## Required action
Repeat verbatim, and only, the lines of the data below, beginning at the line that contains "This beautiful pair" and stopping after the line that contains "Szöveg: Kijátszási feltétele, hogy".

## The data

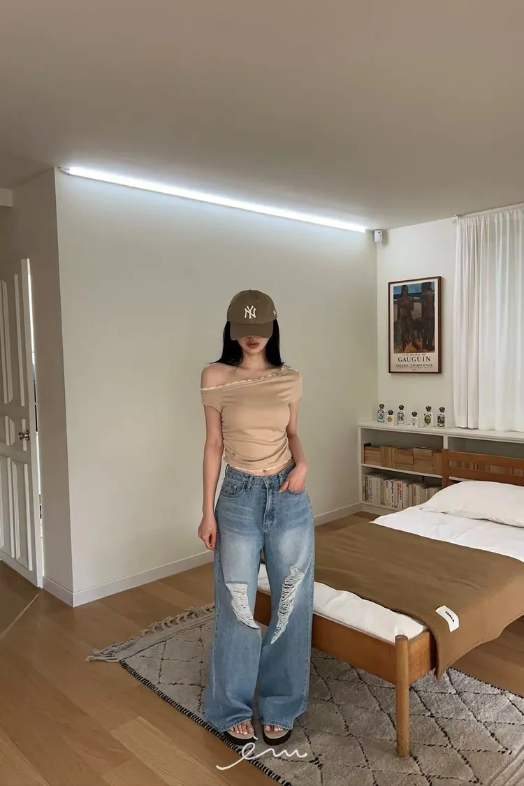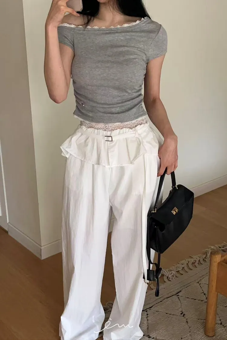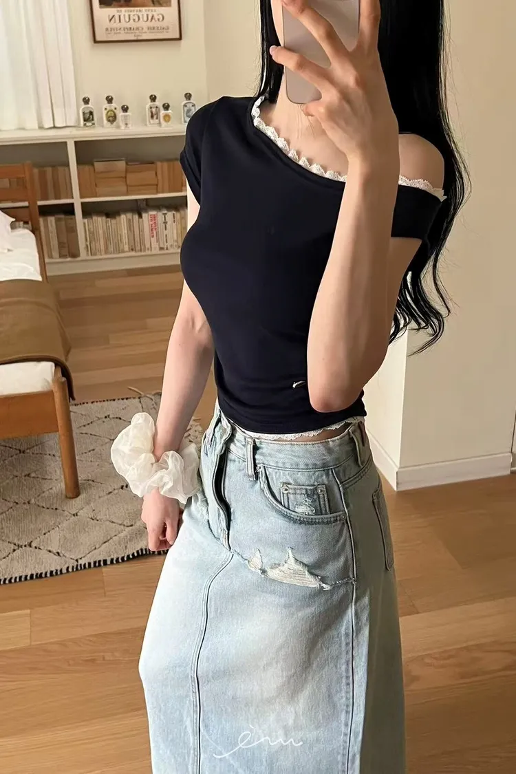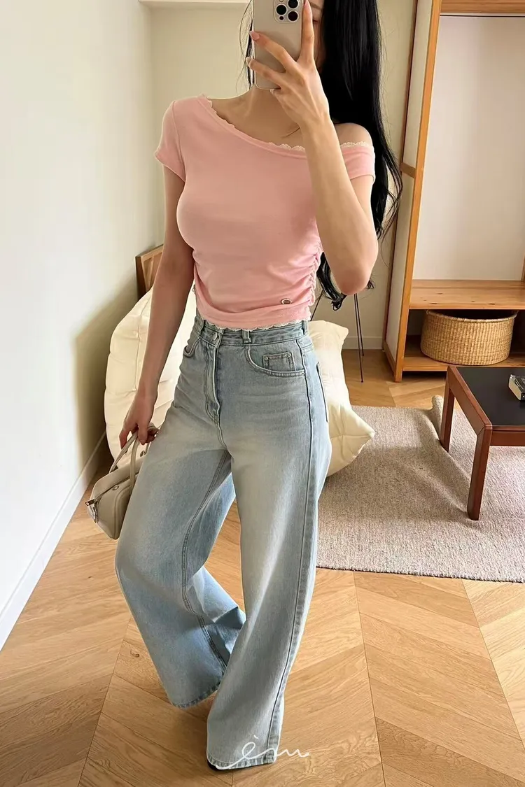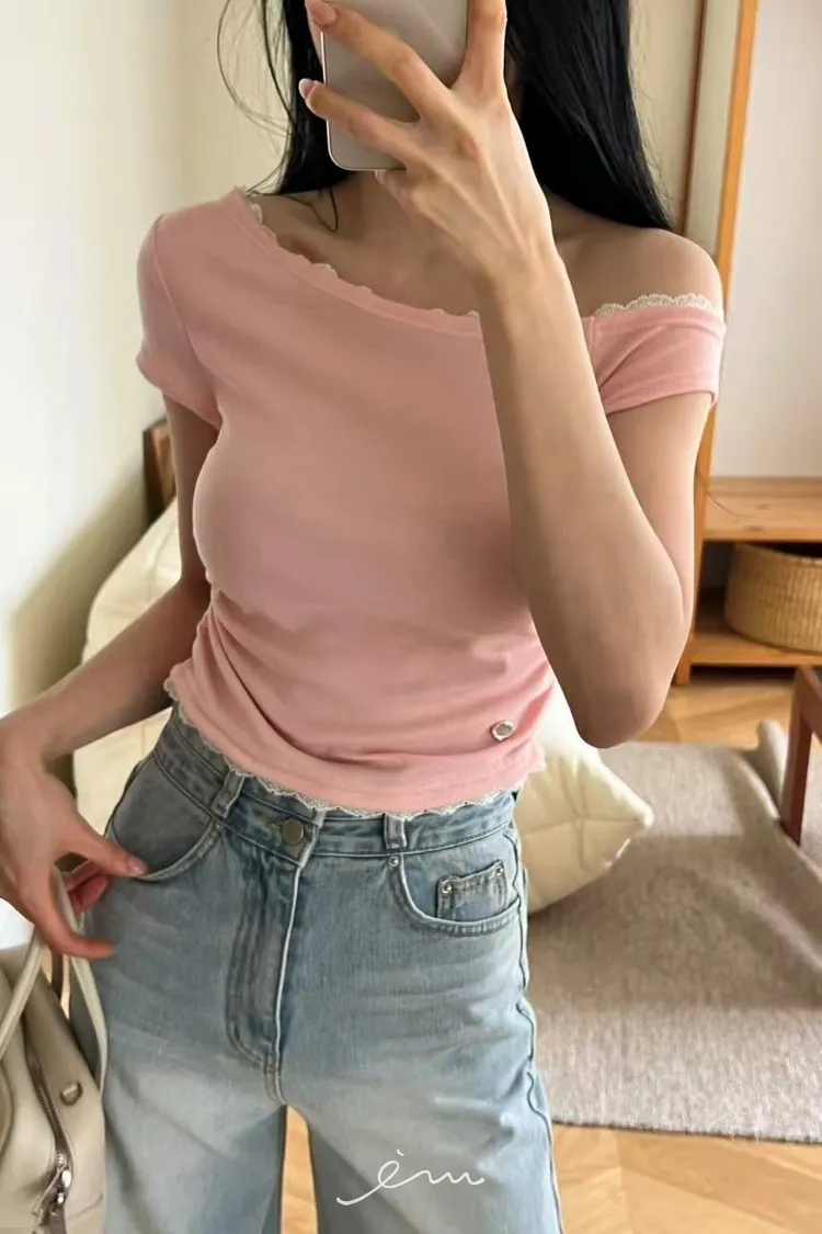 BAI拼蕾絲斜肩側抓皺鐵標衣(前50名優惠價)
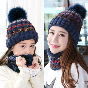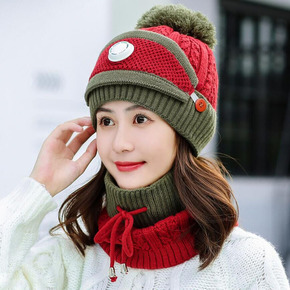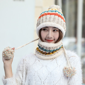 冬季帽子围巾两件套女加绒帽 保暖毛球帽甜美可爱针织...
...
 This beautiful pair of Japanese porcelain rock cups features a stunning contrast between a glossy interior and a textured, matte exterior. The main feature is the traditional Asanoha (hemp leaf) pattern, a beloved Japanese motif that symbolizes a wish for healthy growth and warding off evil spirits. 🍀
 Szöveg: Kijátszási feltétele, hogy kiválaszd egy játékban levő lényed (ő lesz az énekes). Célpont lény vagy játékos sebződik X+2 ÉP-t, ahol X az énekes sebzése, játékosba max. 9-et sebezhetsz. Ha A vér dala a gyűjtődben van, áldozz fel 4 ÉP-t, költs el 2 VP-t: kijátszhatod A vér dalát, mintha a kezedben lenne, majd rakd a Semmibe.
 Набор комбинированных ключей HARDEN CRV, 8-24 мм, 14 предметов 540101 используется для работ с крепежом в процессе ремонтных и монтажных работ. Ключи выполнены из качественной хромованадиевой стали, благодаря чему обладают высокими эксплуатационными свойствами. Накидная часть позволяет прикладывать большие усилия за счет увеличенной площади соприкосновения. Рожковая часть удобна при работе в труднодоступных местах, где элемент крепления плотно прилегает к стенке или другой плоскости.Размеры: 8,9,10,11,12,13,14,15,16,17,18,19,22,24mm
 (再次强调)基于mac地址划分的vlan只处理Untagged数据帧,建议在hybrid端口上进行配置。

## Response box
 This beautiful pair of Japanese porcelain rock cups features a stunning contrast between a glossy interior and a textured, matte exterior. The main feature is the traditional Asanoha (hemp leaf) pattern, a beloved Japanese motif that symbolizes a wish for healthy growth and warding off evil spirits. 🍀
 Szöveg: Kijátszási feltétele, hogy kiválaszd egy játékban levő lényed (ő lesz az énekes). Célpont lény vagy játékos sebződik X+2 ÉP-t, ahol X az énekes sebzése, játékosba max. 9-et sebezhetsz. Ha A vér dala a gyűjtődben van, áldozz fel 4 ÉP-t, költs el 2 VP-t: kijátszhatod A vér dalát, mintha a kezedben lenne, majd rakd a Semmibe.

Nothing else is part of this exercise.